◆ **Exercise**
With pictures omitted, the line containing "Bild 14 Erstbepflanzung" and all later lines of the records below are to be restated word for word.

◆ **Data for this exercise**
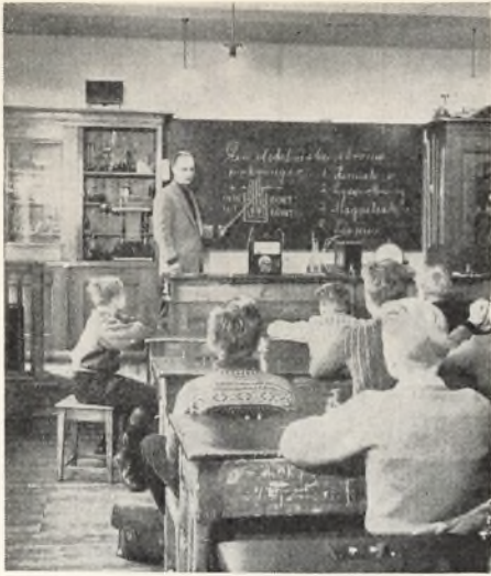
— det gamle fysiklokale.

men desværre i for stor afstand fra demonstrationsbordet.
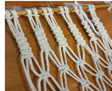
Avec de la ficelle
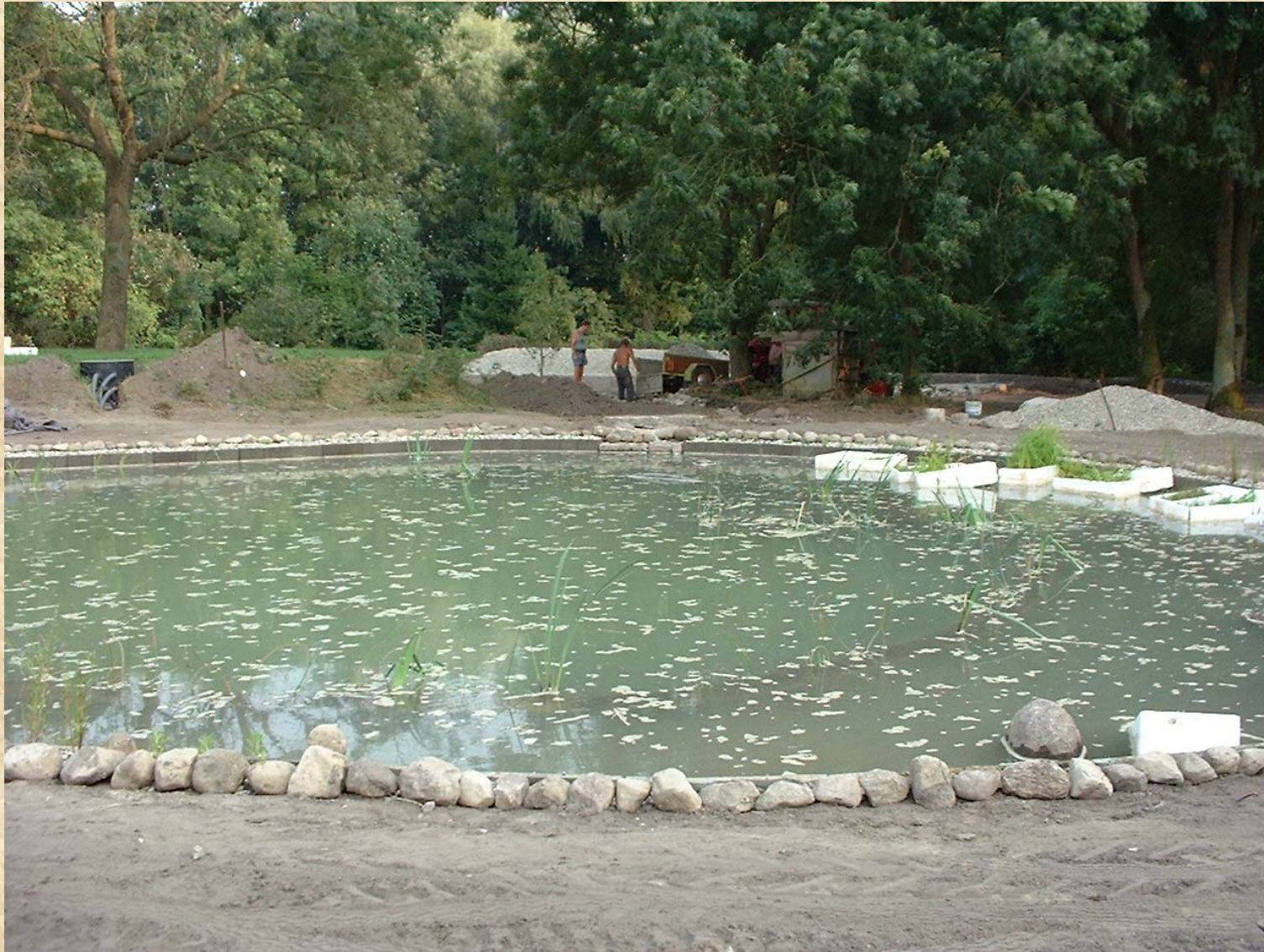
Bild 14 Erstbepflanzung und Randgestaltung 10.09.02
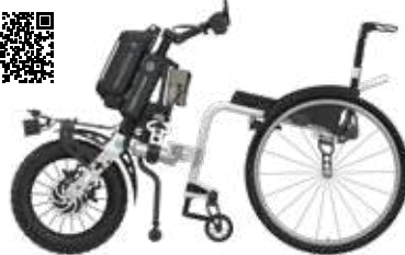
ICON 60 mit PAWS
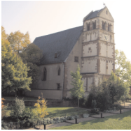
Ev. Bergkirche Pfarrer-Jobst-Bodensohn-Str. 7 67549 Worms-Hochheim
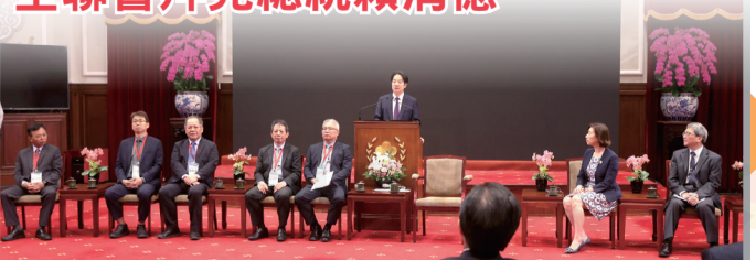
全聯會幹部拜會總統賴清德，針對社區藥局在國民健康體系中的角色進行深入交流。
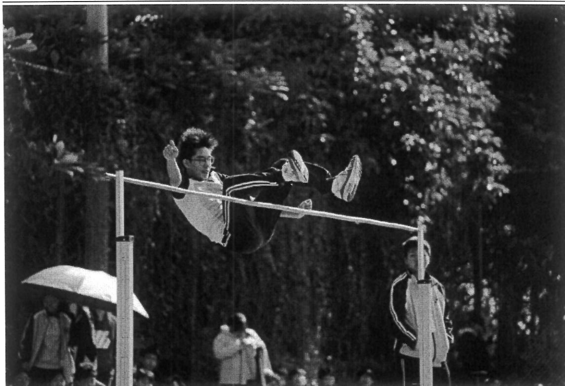
图 13 拼尽全力突破自我

◆ **Response to this exercise**
Bild 14 Erstbepflanzung und Randgestaltung 10.09.02
ICON 60 mit PAWS
Ev. Bergkirche Pfarrer-Jobst-Bodensohn-Str. 7 67549 Worms-Hochheim
全聯會幹部拜會總統賴清德，針對社區藥局在國民健康體系中的角色進行深入交流。
图 13 拼尽全力突破自我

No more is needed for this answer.